My feet are feeling distinctly the worse for wear. This, I suspect, is a direct consequence of hours standing watching the cycling and hours spent pounding the pavement: walking and jogging. A foot massage would be bliss but I’ll have to settle for soaking them in cold water.

Strand Shopping Gallery – like going back in time!

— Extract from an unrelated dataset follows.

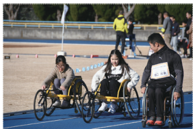
▲車いすレーサー体験の様子

令和6年度は、誰もがスポーツに親しむ環境づくりとして、「バラスポーツ普及啓発物品」の作成や、「ボッチャボールセット・レフェリーキット」など、バラスポーツ用具貸出物品の購入に活用しました。

I have done Sydney. Yes, I have walked all over the place, aided and abetted by the Hop on/Hop off buses. I love the juxtaposition of old and brand spanking new in the centre of town. I particularly liked those modern buildings that take some reference from the surrounding sandstone ones, specifically those in Macquarie and Bridge Streets.  I loved the refurbishment and conversion of the Queen Victoria Building and the Strand Arcade into Shopping Malls. I approved of the refurbished Hilton Hotel, opposite the QVB, and the retention of the historic Marble bar. I adored the view of Sydney from the Rocks where you can see the town’s modest beginnings against the backdrop of the modern skyline  and the iconic Bridge and Sydney Opera House. I also liked  the renovated wharves at Star City.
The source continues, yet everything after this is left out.